Get your gender meter out, and hunt for girls in the schools of the days of her youth, and you won't find any; if you're a woman, and you're reading this, Thank the Cosmos you were born where and when you were.

So, who occupies the mansion, now?

Since 1935, when it was restructured on the inside according to a plan by the architect Giuseppe De Finetti (1892-1951), first by the Banca Nazionale then by the adjacent Banca Commerciale Italiana.

I took these snaps on the 2nd of August, 2011, around 3:30-4 P.M.

Enjoy!

P.S., as usual the principal art and architectural information was taken from "Milano" by the Touring Club Italiano. The (unverified) info on M.G. Agnesi comes from this text prepared by the high school professor Ambrogio Cazzaniga: http://www.liceoagnesi.it/contenuti/content/view/9/2110/.

P.P.S., I was so sure that I already had written about the Gallerie d'Italia collections housed in the Palazzo Brentani (via Manzoni, 6) and Palazzo Anguissola (via Manzoni, 10), that when a friend mentioned it, I wrote back telling her 'thanks, but I did it already'...then it began to gnaw at me...had I really? Incredulous, I checked and checked and checked...zilch. (I'll keep hunting...it would be such a pity to lose such pearls of wisdom....)

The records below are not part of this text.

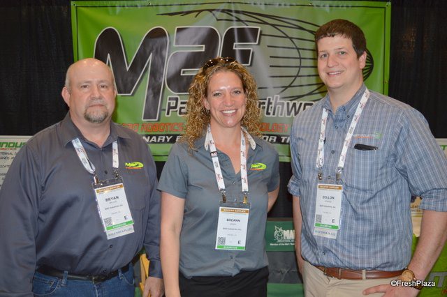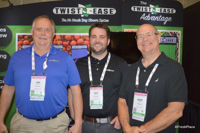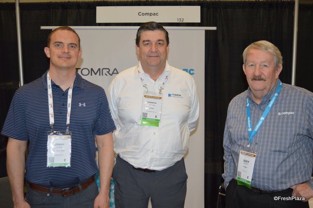 Jeremy Loewen with Van Doren Sales, Diarmuid Meagher with Tomra Sorting Solutions and Jody Jackson with Tomra/Compac.
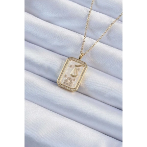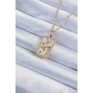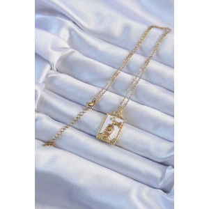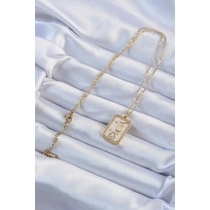 316L Çelik Zincir Altın Renk Beyaz Mineli Tarot Kolye
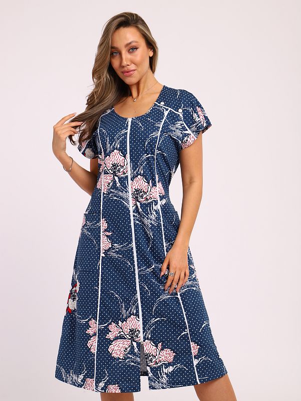 Халат женский "Нинэль", с коротким рукавом, на молнии, с карманами.
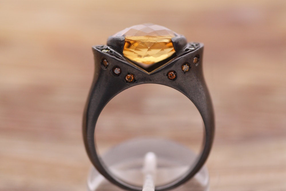A 4ct Citrine, 10-12mm beautifully faceted, yellow sapphires 0,03 ct & cognac or yellow diamonds 0,02 ct, all mounted on Sterling Silver black-rhodium plated.
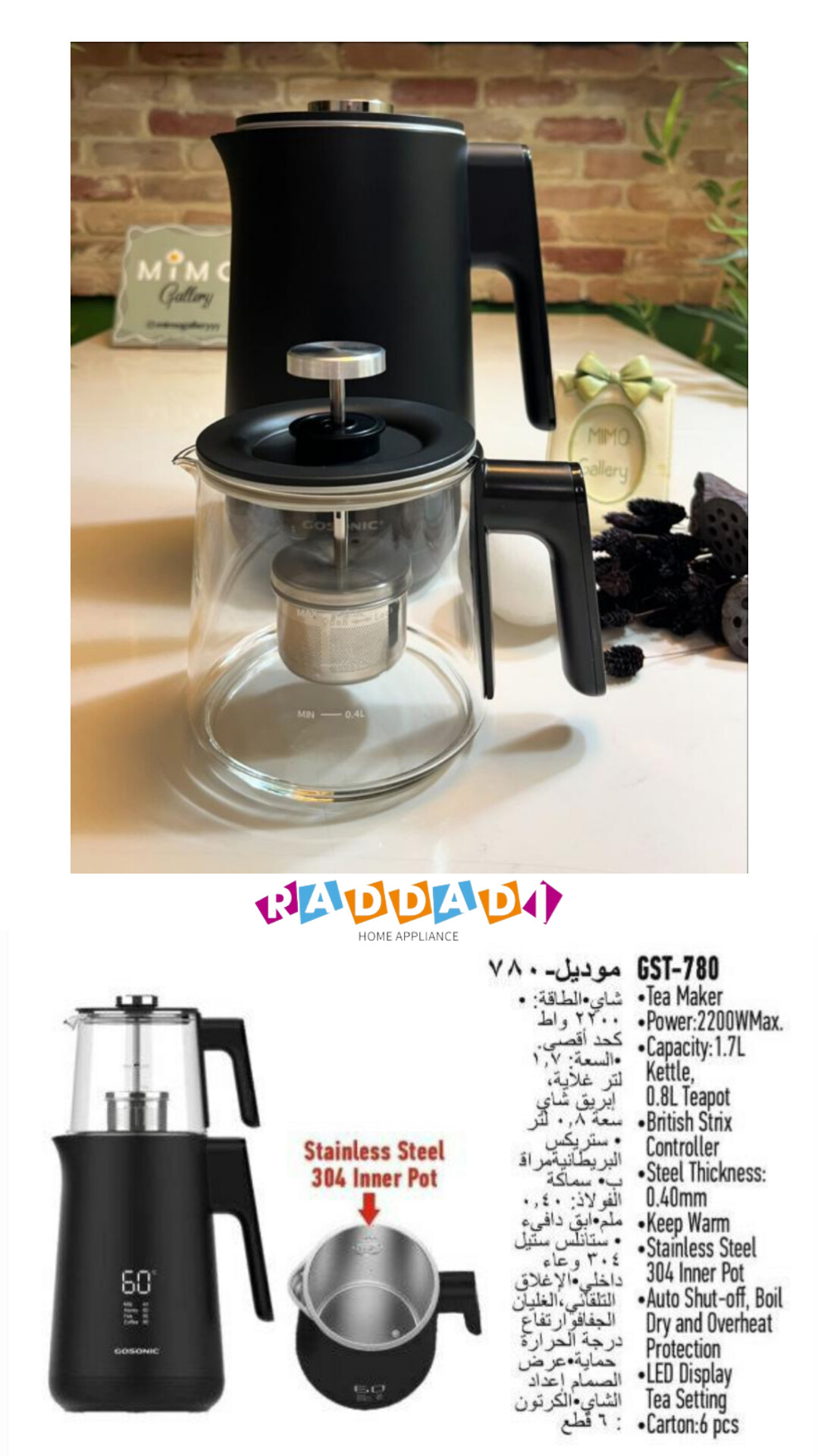 ظرفیت کتری چای ساز گوسونیک مدل GST-780 دارای گنجایش 1.7 لیتر می باشد. این گنجایش برای قوری شیشه ای به اندازه 800 میلی لیتر تعبیه شده است.
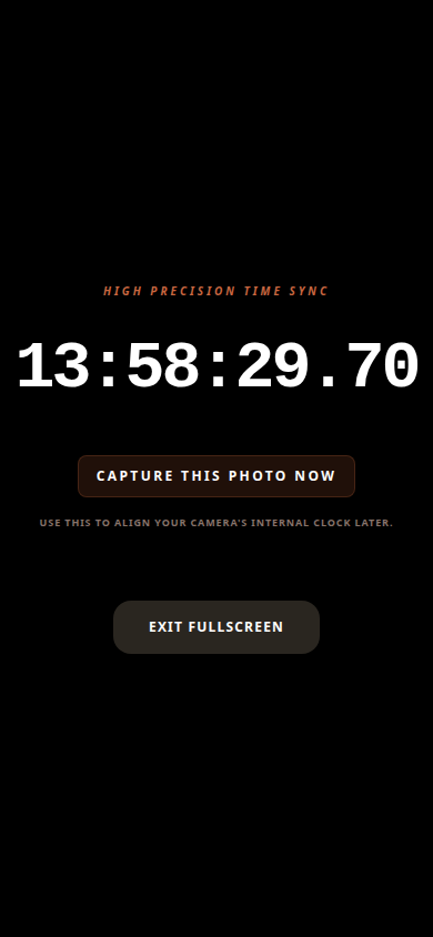 The fullscreen UTC clock: a photographable reference frame, not a feature that auto-detects the photo later. -
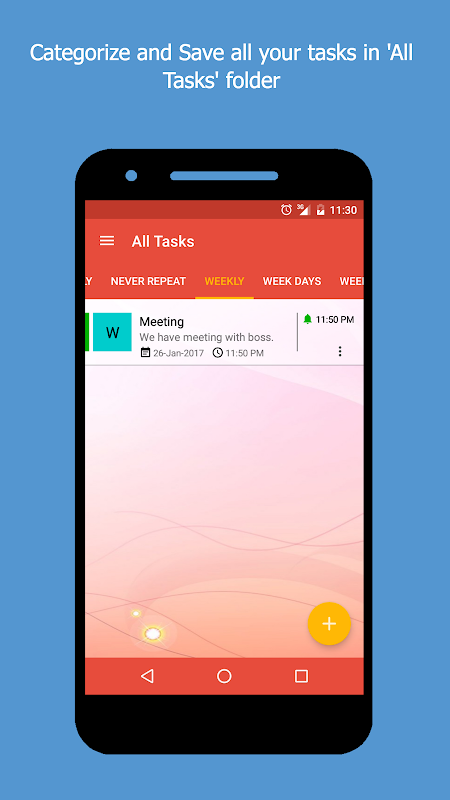 5 - If you have set reminder, Daily Schedule Planner will notify your at the specified time.
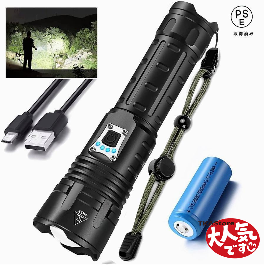 2025最新懐中電灯 led 強力 最強 490000ルーメン 超高輝度 明るい ペンライト USB充電式 かいちゅうでんとう 小型 超強力 ハンディライト 5モード
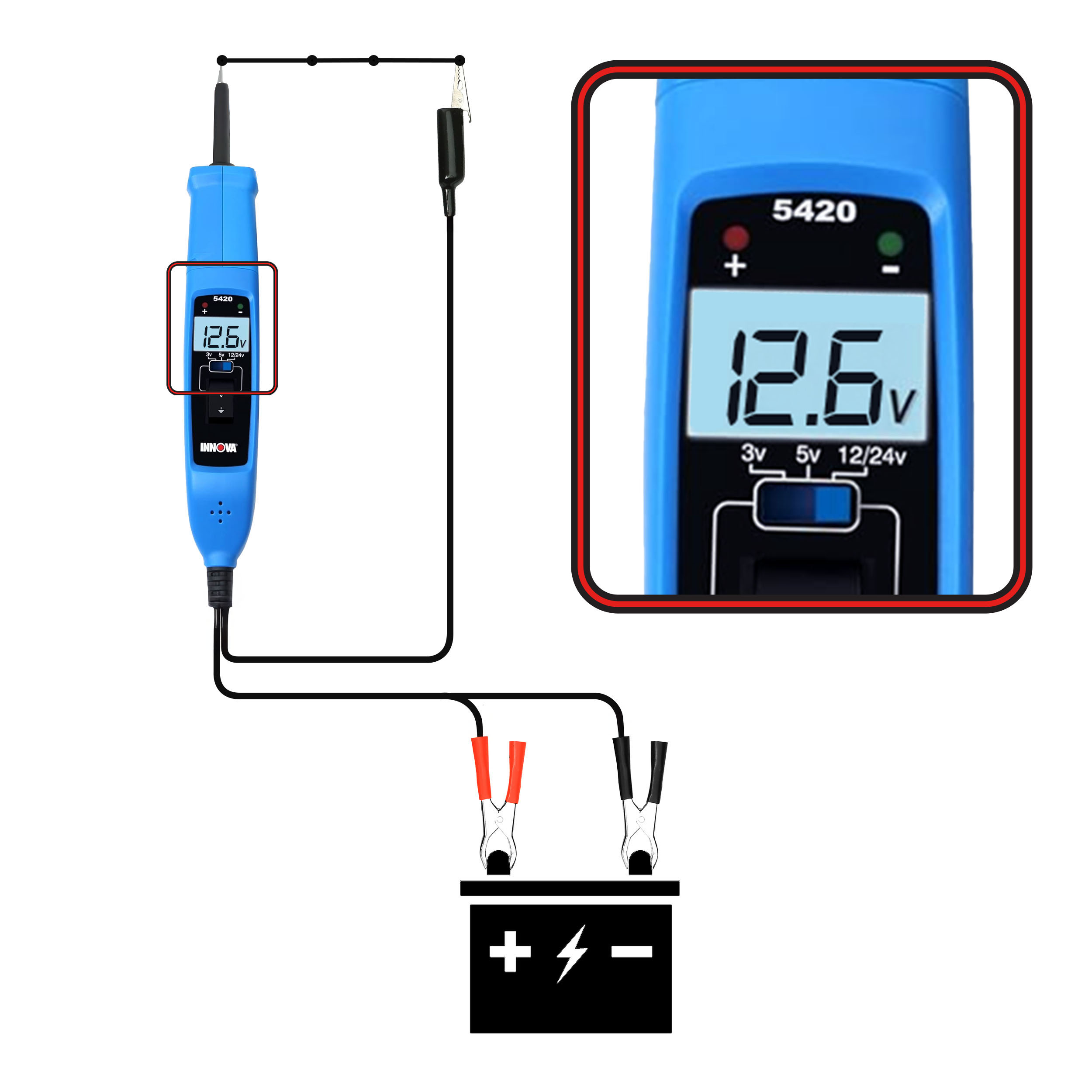 - If the probe and the continuity cable are connected, the 'LCD Display' will show to supply voltage indicating continuity. The 'Red LED' will light, and the device will produce a high-pitched beep.
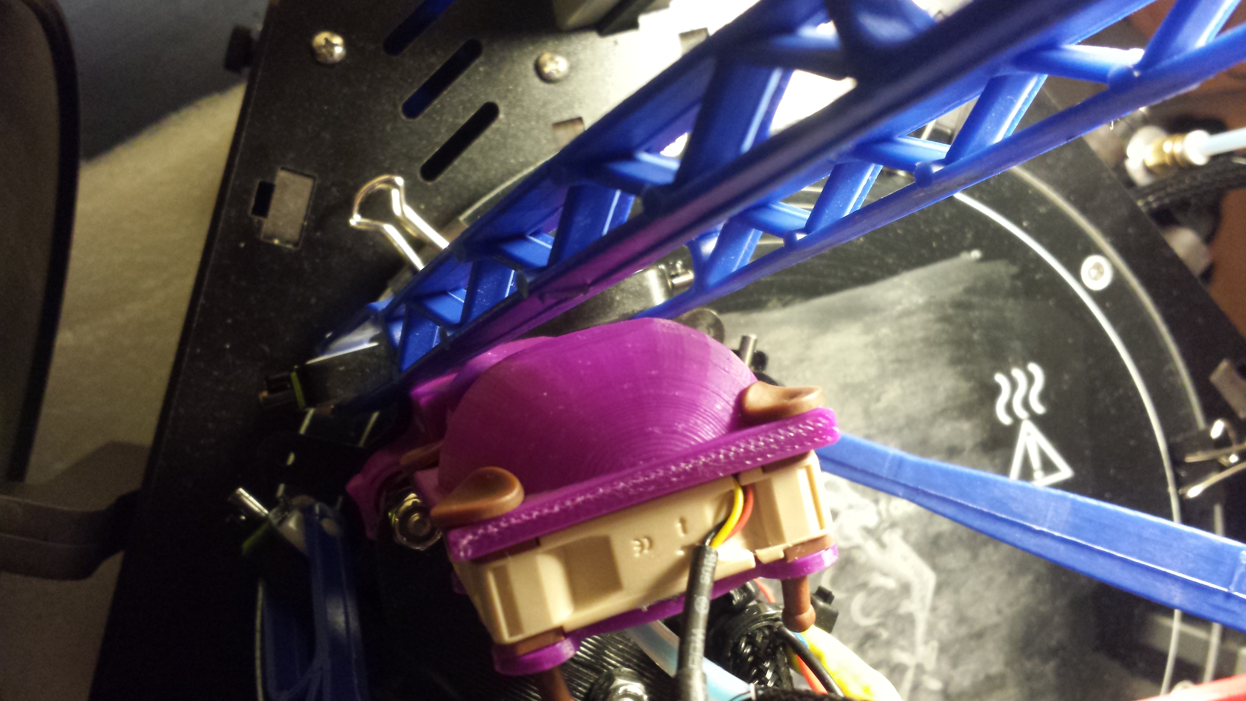 but you can see that the arms will catch the Fan tops at the outer limits of the print area. So I ended up doing this in ABS (3X Printed Washers, 1X Printed Modified Adaptor Plate, 1X 40mm Fan Ducting, 1X Printed Fan Grille Cover) Mid Print of my Spare: My first Prototype was a tad too big and thick walled:
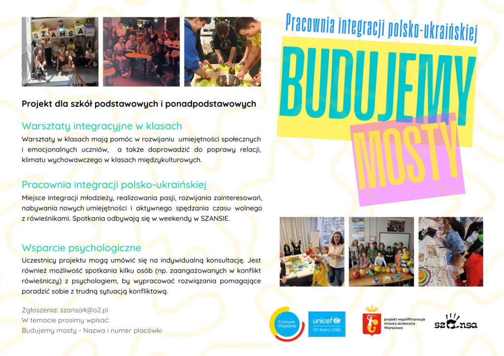 Projekt skierowany głównie do młodzieży polskiej i ukraińskiej polega na integracji z uwzględnieniem różnic międzykulturowych. Działania, na których się skupiamy to klub młodzieżowy, warsztaty twórcze, kulinarne, odkrywanie ciekawych zakątków Warszawy i ich okolic, zajęcia sportowe. Zwracamy uwagę na potrzeby młodzieży, realizujemy warsztaty z zakresu komunikacji, radzenia sobie ze stresem, oferujemy konsultacje z psychologiem, pomoc tłumacza. Organizujemy lekcje języka polskiego, a w roku szkolnym udostępniamy stanowiska komputerowe do nauki zdalnej.
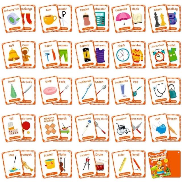 50張兒童日常物品卡片 | 日常用品教育啟蒙卡片 | 寶寶認知早教卡
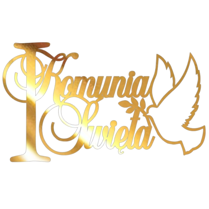 Akrylowa dekoracja na tort! Złoty topper z napisem "Komunia Święta". Prosty sposób na efektowną dekorację tortu dla dziecka. Artykuł dekoracyjny przeznaczony do kontaktu z żywnością.
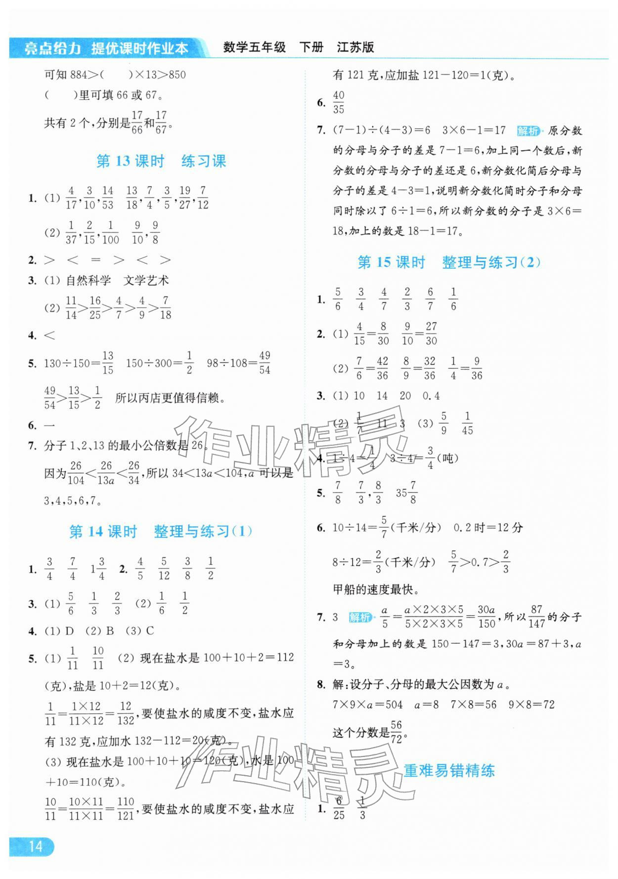 2026年亮点给力提优课时作业本五年级数学下册江苏版参考答案第14页
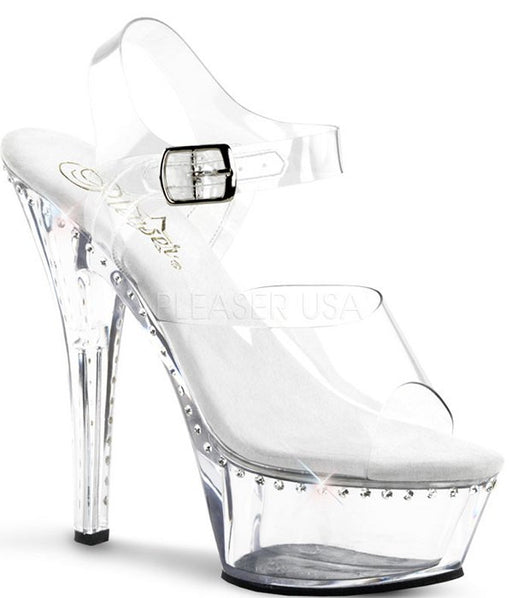 6" (15.2cm) Heel, 1 3/4" (4.5cm) Platform Ankle Strap Peep Toe Sandal Featuring One Line Rhinestone on Platform and Heel (KISS-208LS)
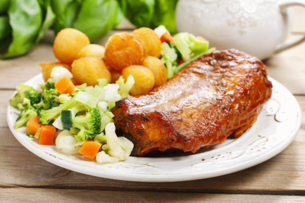 Conejo asado con verduras y bolitas de patata
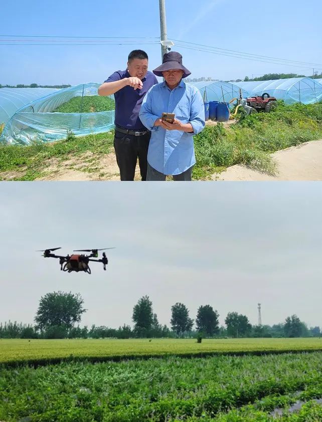 图为邢寨自然村种粮大户邢东晓在用5G智能手机操控无人机为小麦喷洒农药。(阜阳铁塔供图)
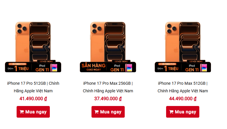 Giá iPhone 17 tại việt nam
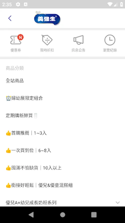 美強生品牌購為美強生營養食品公司的直營購物APP,不定時推出限時優惠,APP會自動推播訊息,讓你不再錯過任何美強生的好康活動!除了優惠通知,我們同時還會提供您關於美強生產品的小知識以及實用的資訊,成為您與小寶貝在成長路上的好幫手!

So, with apologies to the very nice friend, here's the link to the web site (in English!) of this interesting collection belonging to the Fondazione Cariplo and the Banca Intesa San Paolo. For the moment, only the 19th century collections are open. In 2012, they are planning on opening the 20th century section overlooking Piazza della Scala. I'll keep you posted.

1 comment:

Star said...

The 296th recurrence of her birthday was celebrated with a lovely animated logo by Google.